— ASSIGNED TASK —
An exact transcription is needed, beginning at the line with "The Acting Prime" and ending at the last line of the listing, with pictures left out and nothing else added.

— INFORMATION SHOWN —

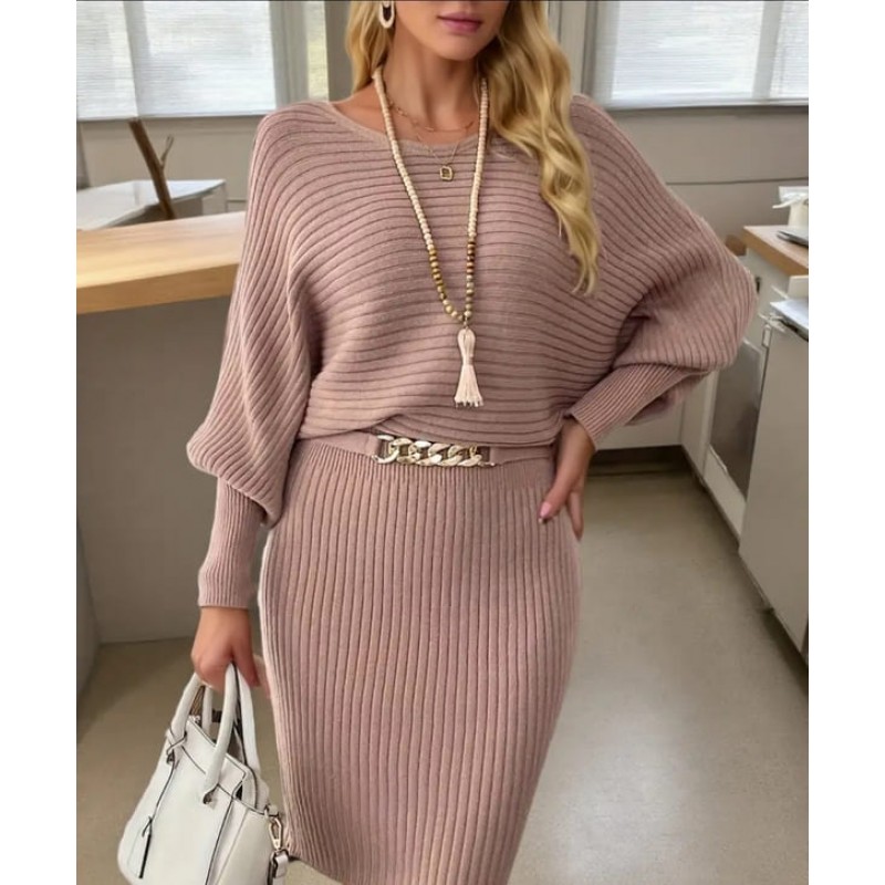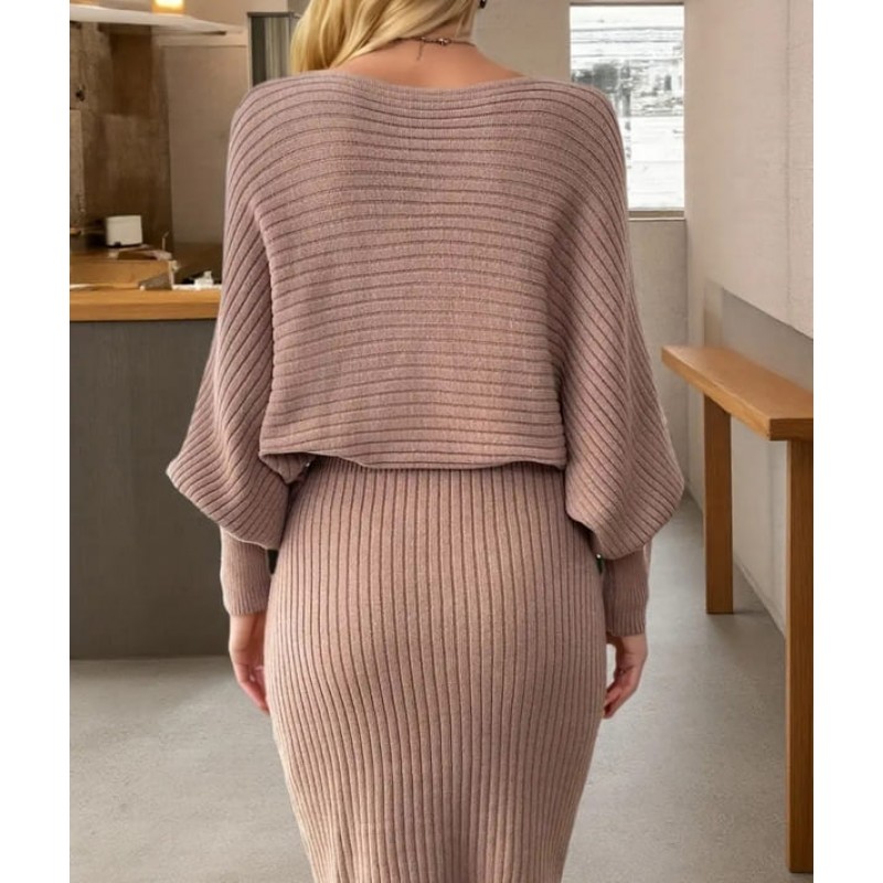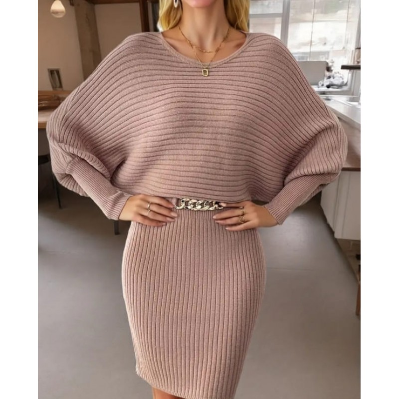 - зимна ежедневна рокля с миди дължина от мека прежда в цвят пепел от рози
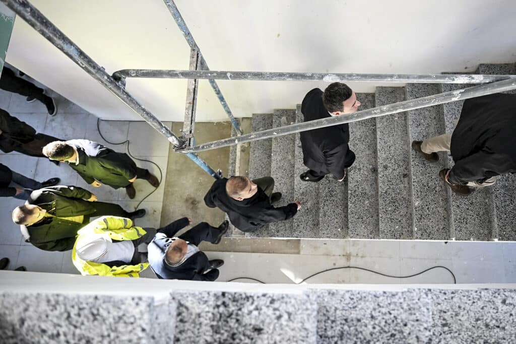 The Acting Prime Minister of the Republic of Kosovo, Albin Kurti, accompanied by the Acting Minister of Culture, Youth and Sports, Hajrulla Çeku, and the Mayor of Podujevë, Shpejtim Bulliqi, observed up close the progress of the construction works at the Multifunctional Center.
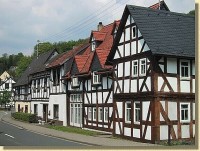 | Sehenswerte Fachwerkhäuser schmücken den Ortskern. Insbesondere hervorzuheben sind die Häuser: Mittelstraße 28 (Alte Dorfschule von 1684), Mittelstraße 2a (Glockengießerhaus), Mittelstraße 3/5 (Hess. Fachwerk mit rheinischer Auszier). | |

— RESPONSE —
 The Acting Prime Minister of the Republic of Kosovo, Albin Kurti, accompanied by the Acting Minister of Culture, Youth and Sports, Hajrulla Çeku, and the Mayor of Podujevë, Shpejtim Bulliqi, observed up close the progress of the construction works at the Multifunctional Center.
 | Sehenswerte Fachwerkhäuser schmücken den Ortskern. Insbesondere hervorzuheben sind die Häuser: Mittelstraße 28 (Alte Dorfschule von 1684), Mittelstraße 2a (Glockengießerhaus), Mittelstraße 3/5 (Hess. Fachwerk mit rheinischer Auszier). | |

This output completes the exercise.